A survey with about 900 respondents will have a margin of error of about +-3 percentage points. For a statistical survey to be valid, a response rate of approximately 60 percent is required. A statistical survey that ends up with a low response rate suffers from the same unknown representation as in the self-selected survey noted above.
The chief obstacle in doing statistical surveys is the cost. To get a response rate of 60 percent typically requires an inducement, plus 2-3 follow up contacts to persuade people to respond to boost the response rate. Also, there are front-end costs in survey design and the final analysis will be more complex.
There may be cases were statistically valid data are worth the cost. Examples of these are situations where decisions involving large amounts of money or other high risk outcomes will be made on the basis of the survey results. If the information is going to be presented to other organizations or legislative bodies, more reliable might be more effective in influencing policy outcomes.
Regardless of whether you choose our standard package or a custom designed statistical sample, our surveys include special mailers to help boost the proportion of your members responding to the survey, making you are getting the best results for your budget. For more information on response rates and survey validity, please click here.
How do you write survey questions that are not misleading? Tips for writing questions that get the appropriate response.

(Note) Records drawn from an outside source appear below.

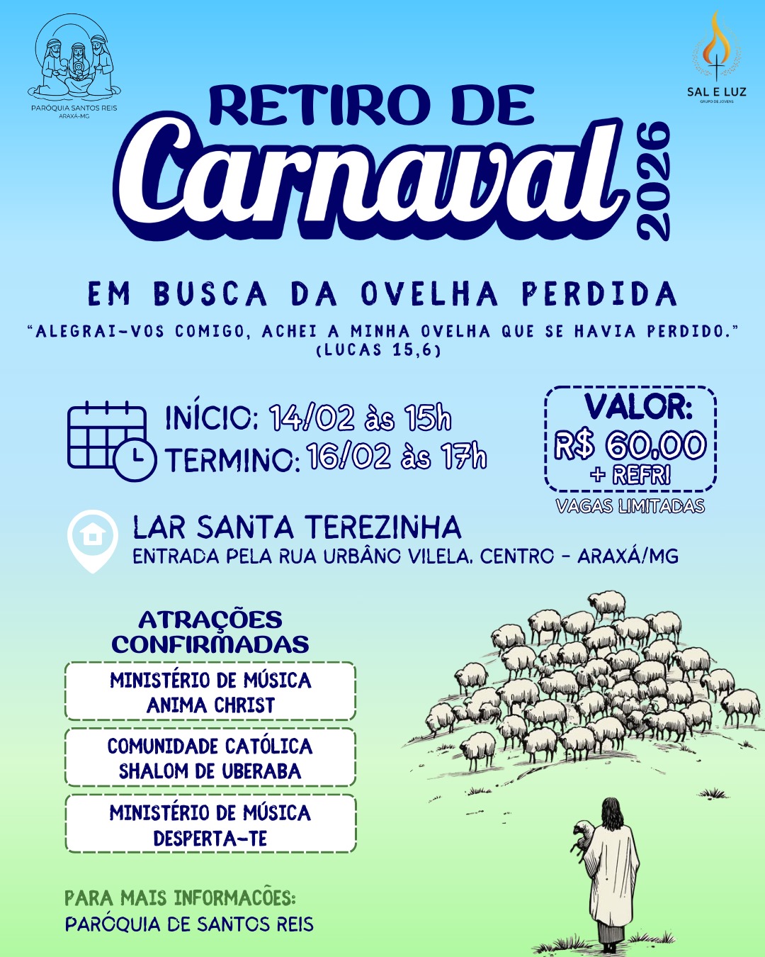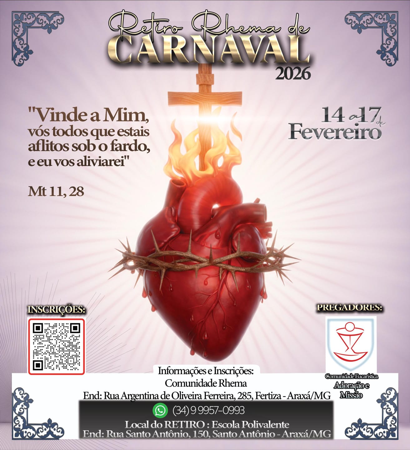 Já a Comunidade Rhema promove seu retiro de Carnaval de 2026, com o tema “Vinde a Mim, vós todos que estais aflitos sob o fardo, e eu vos aliviarei” (Mt 11,28). O retiro será na Escola Polivalente, de 14 a 17/2 e contará com a presença de Rafael, missionário da Comunidade Eucarística Ação e Missão, de São José dos Campos (SP), que virá partilhar importantes reflexões. A Comunidade Eucarística Adoração e Missão é responsável pela equipe de pregação do evento.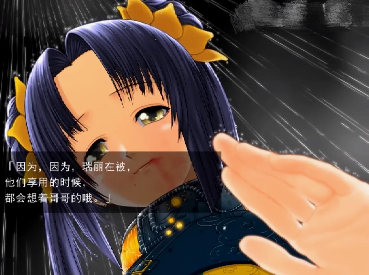 一个字,太古早了……我最早是冲着猎奇去的,了解完剧情后没有玩完,实在不记得妹妹的发病相关剧情在哪里了,只找了一张经典视角的CG图,虽说记不清,但上面两部和这作发病的妹妹的病情一对比,那比小樱和圆神之间差别还要大多了~不过这个画风太古早了安利不来,感兴趣可以看看剧情解说,是影响到FATE、沙耶和C+C的神级作品,顺便可以听听神级OP 《腐り姫の伝説》。
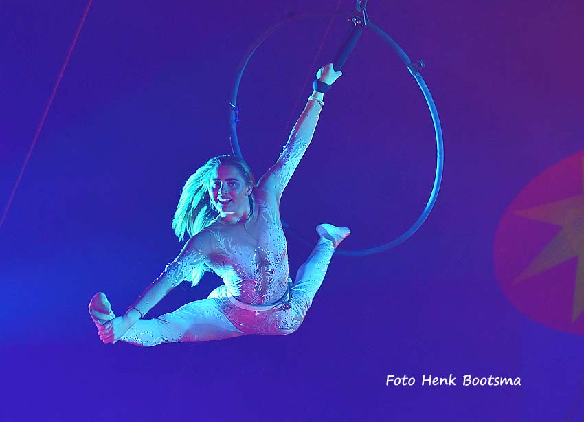 Bekende acts in dit circus zijn de ringtrapeze door Madeleine en de hoela hoep- en netact van Laila Virginia Renz, welke een extra show dimensie kregen door de veelkleurige belichting.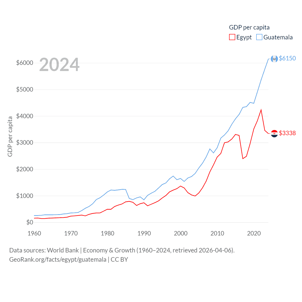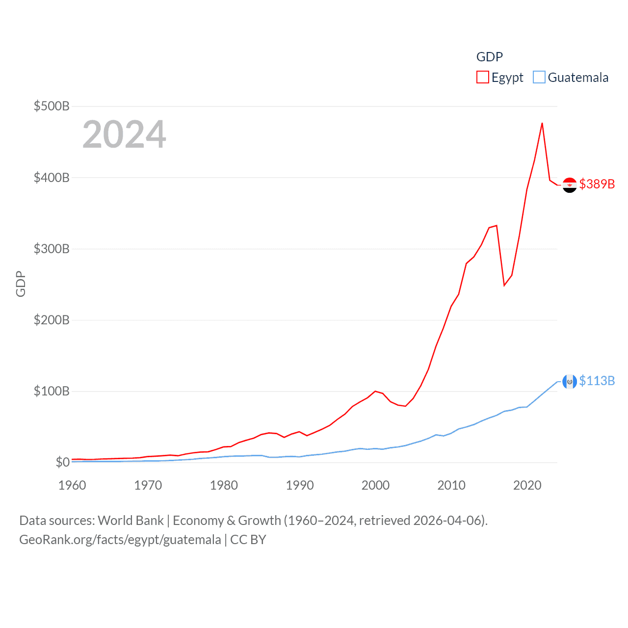 By GDP, Egypt ranks 41/197 ($389B) and Guatemala ranks 68/197 ($113B). By GDP per capita, Egypt ranks 138/197 ($3,338), while Guatemala ranks 112/197 ($6,150).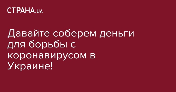 Давайте параллельно соберём деньги и тоже поможем закупить медицинское оборудование и создать условия для лечения людей там, где сможем.

No one individual can write the survey questions. As the client, you should identify the goals and general framework of the questions. The framework should be determined by your organization's policy makers, or client organizations.

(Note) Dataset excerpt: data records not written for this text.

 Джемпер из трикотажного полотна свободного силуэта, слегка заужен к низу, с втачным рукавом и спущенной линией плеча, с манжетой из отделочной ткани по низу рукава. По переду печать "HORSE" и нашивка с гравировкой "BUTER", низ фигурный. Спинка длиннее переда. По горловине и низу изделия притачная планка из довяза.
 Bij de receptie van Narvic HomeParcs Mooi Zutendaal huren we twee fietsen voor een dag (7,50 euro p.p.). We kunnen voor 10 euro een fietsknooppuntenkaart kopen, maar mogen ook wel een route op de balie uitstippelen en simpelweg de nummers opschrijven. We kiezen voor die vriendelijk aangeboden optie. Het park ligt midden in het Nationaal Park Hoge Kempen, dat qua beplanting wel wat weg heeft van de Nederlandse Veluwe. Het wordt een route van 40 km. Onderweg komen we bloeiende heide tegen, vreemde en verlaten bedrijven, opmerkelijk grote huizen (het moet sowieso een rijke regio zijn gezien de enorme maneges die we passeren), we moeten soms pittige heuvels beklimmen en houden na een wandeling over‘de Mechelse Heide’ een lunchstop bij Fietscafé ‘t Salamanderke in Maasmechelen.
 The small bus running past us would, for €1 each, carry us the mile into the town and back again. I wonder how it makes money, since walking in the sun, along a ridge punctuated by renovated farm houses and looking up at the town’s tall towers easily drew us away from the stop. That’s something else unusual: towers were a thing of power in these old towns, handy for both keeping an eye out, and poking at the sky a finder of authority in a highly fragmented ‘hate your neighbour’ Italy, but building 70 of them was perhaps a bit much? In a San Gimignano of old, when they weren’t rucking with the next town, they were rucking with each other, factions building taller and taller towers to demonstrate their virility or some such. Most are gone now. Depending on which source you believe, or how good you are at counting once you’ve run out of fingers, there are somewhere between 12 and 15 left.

Track Marketing Group will work with you to help refine the questions, and we will suggest appropriate demographic or general questions from a list of extensively tests questionnaire items. After the team has completed the questionnaire, it should be tested by a group of potential respondents for clarity, utility, and neutrality. The more people involved in the design process, the better.
Questions should be easy to understand, and flow in a consistent basis. People tend to like to run through the surveys quickly, so sentences should be short and direct. Scales should be done in a consistent format. Questionnaires should be short to minimize "respondent burnout." Use of loaded terms or extensive jargon should be avoided. Avoid combining 2 questions into one response.